* [DATA]
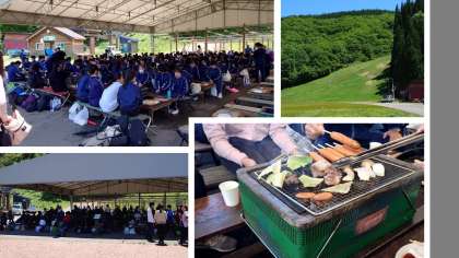朝から活動したので、お腹も減っています。快晴の空の下、みんな美味しくバーベキューをいただいています。
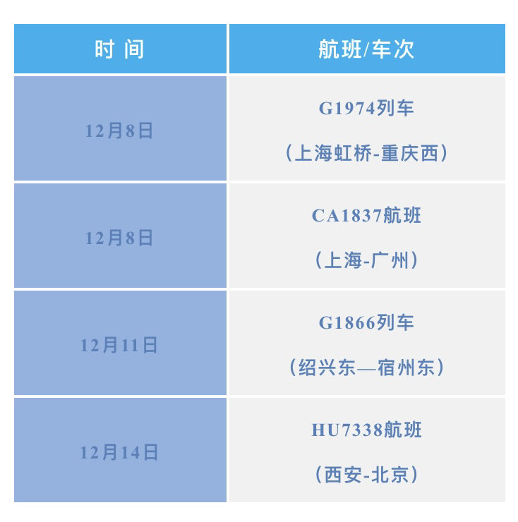搭乘過(guò)以下交通工具的來(lái)(返)川人員,第一時(shí)間主動(dòng)向社區(qū)或居(村)委會(huì)、單位或入住酒店報(bào)備旅居史,配合做好相關(guān)防控工作。
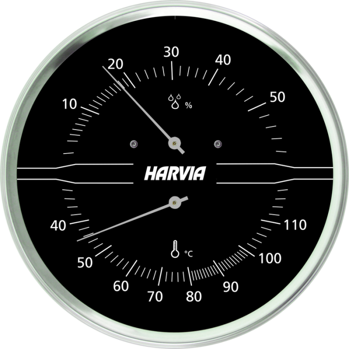 Gör din bastuupplevelse komplett med kvalitetstillbehör från Harvia. Den här eleganta termo- och hygrometern förgyller vilken bastu som helst.
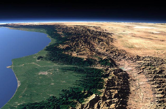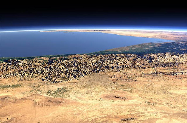 در این تصویر کوه زاگرس را می بینید که تا چند صد کیلومتر از خلیج فارس گسترش یافته است. شهر شیراز و ویرانه های باستانی تخت جمشید در سمت راست در کنار دریاچه نمک مهارلو واقع شده است.
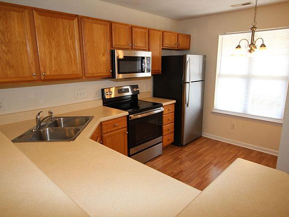 2 bedroom Townhome with bright & open floor plan. Easy access to I-540 and Triangle Center Mall! Open floor plan. Kitchen with breakfast bar overlooking dining room and living room and stainless steel appliances. Two master suites with their own private full baths. Bedroom #2 has cozy window seat. Inviting front porch and small community with pool. Washer & dryer included. 2 assigned parking spaces. $1,550/month. Maintenance free and professionally managed. Available starting 11/8/24. 12 month lease minimum. Tenant responsible for all utilities, including electricity, gas, & water/sewer/trash. Pets negotiable. No smoking allowed. Application fee is $75 per adult applicant.
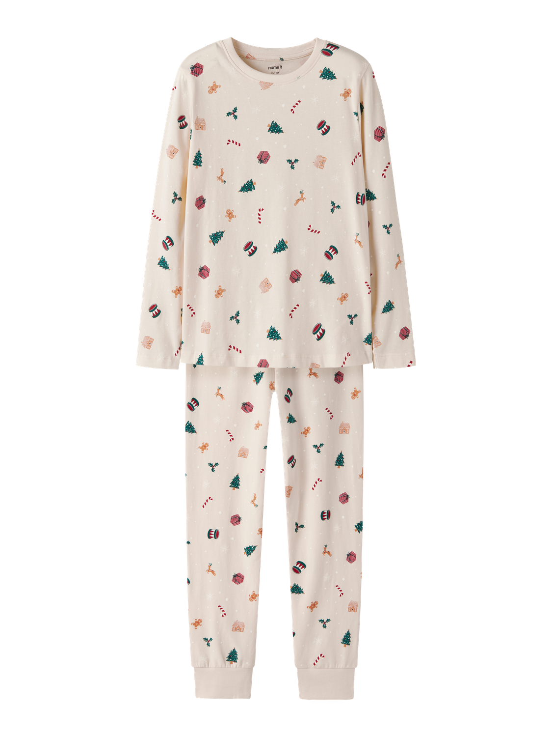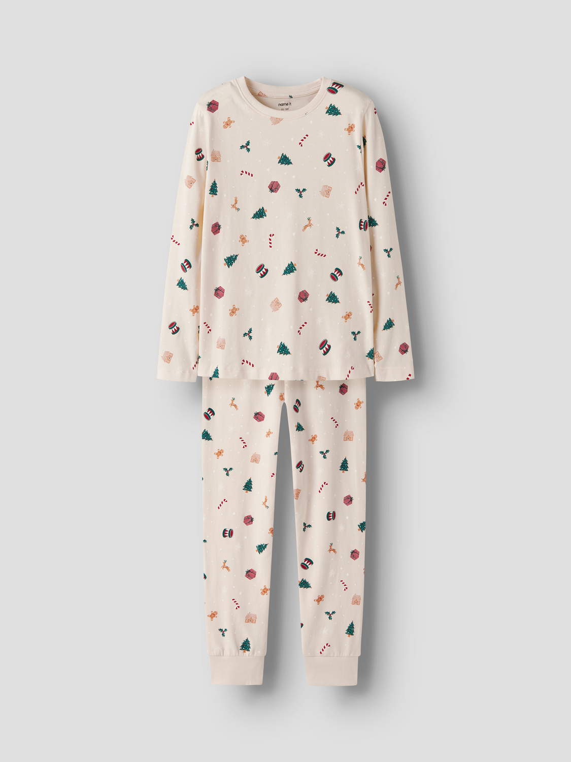 Name It - Nknvismas Ls Nightset - Whitecap Gray Xmas Aop
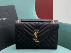 【P1130】YSL女包批发 圣罗兰迪丽热巴同款黑色球纹Monogram信封包 金扣
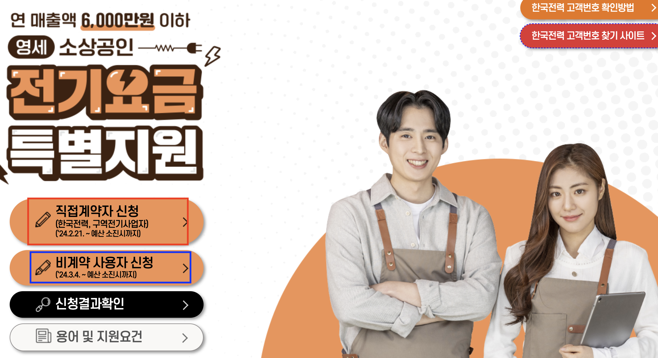 • 직접계약자(‘24.2.21.~예산 소진 시까지) : 한국전력(이하 구역전기사업자 포함)과 본인명의 계약을 맺고 있는 자
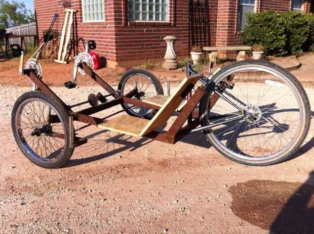 El proyecto comenzado cuando mi esposa se quejaba de que era difícil hablar mientras se conduce nuestro tándem vertical. Había construido varias reclinadas y quería construir un tándem reclinado, así que decidí construir un triciclo sociable (realmente se llama "sociables" en un lado por lados).
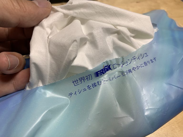 たまたまスーパーで買い物しているときに発見したのがこちら。 もう、フリスクと言えばあのミントタブレットでおなじみですよね。それがティッシュになっていて驚きました。
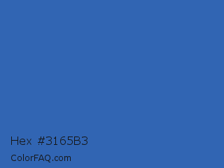 Hex #3165b3 Color is a normal blue color and the nearest color is Azure #315ba1. Hex code #3165b3 and RGB value is rgb(49,101,179). In RGB color space, this color is composed of 19% red, 40% green, 70% blue, In CMYK color space, this color is composed of 73% cyan, 44% magenta, 0% yellow , 30% black , In HSL color space, this color has a hue angle of 216° , 57% saturation and 45% lightness.

* [YOUR ASSIGNMENT]
Restate the entries above word for word, and keep the pictures out.

* [SOLUTION]
朝から活動したので、お腹も減っています。快晴の空の下、みんな美味しくバーベキューをいただいています。
搭乘過(guò)以下交通工具的來(lái)(返)川人員,第一時(shí)間主動(dòng)向社區(qū)或居(村)委會(huì)、單位或入住酒店報(bào)備旅居史,配合做好相關(guān)防控工作。
 Gör din bastuupplevelse komplett med kvalitetstillbehör från Harvia. Den här eleganta termo- och hygrometern förgyller vilken bastu som helst.
 در این تصویر کوه زاگرس را می بینید که تا چند صد کیلومتر از خلیج فارس گسترش یافته است. شهر شیراز و ویرانه های باستانی تخت جمشید در سمت راست در کنار دریاچه نمک مهارلو واقع شده است.
 2 bedroom Townhome with bright & open floor plan. Easy access to I-540 and Triangle Center Mall! Open floor plan. Kitchen with breakfast bar overlooking dining room and living room and stainless steel appliances. Two master suites with their own private full baths. Bedroom #2 has cozy window seat. Inviting front porch and small community with pool. Washer & dryer included. 2 assigned parking spaces. $1,550/month. Maintenance free and professionally managed. Available starting 11/8/24. 12 month lease minimum. Tenant responsible for all utilities, including electricity, gas, & water/sewer/trash. Pets negotiable. No smoking allowed. Application fee is $75 per adult applicant.
 Name It - Nknvismas Ls Nightset - Whitecap Gray Xmas Aop
 【P1130】YSL女包批发 圣罗兰迪丽热巴同款黑色球纹Monogram信封包 金扣
 • 직접계약자(‘24.2.21.~예산 소진 시까지) : 한국전력(이하 구역전기사업자 포함)과 본인명의 계약을 맺고 있는 자
 El proyecto comenzado cuando mi esposa se quejaba de que era difícil hablar mientras se conduce nuestro tándem vertical. Había construido varias reclinadas y quería construir un tándem reclinado, así que decidí construir un triciclo sociable (realmente se llama "sociables" en un lado por lados).
 たまたまスーパーで買い物しているときに発見したのがこちら。 もう、フリスクと言えばあのミントタブレットでおなじみですよね。それがティッシュになっていて驚きました。
 Hex #3165b3 Color is a normal blue color and the nearest color is Azure #315ba1. Hex code #3165b3 and RGB value is rgb(49,101,179). In RGB color space, this color is composed of 19% red, 40% green, 70% blue, In CMYK color space, this color is composed of 73% cyan, 44% magenta, 0% yellow , 30% black , In HSL color space, this color has a hue angle of 216° , 57% saturation and 45% lightness.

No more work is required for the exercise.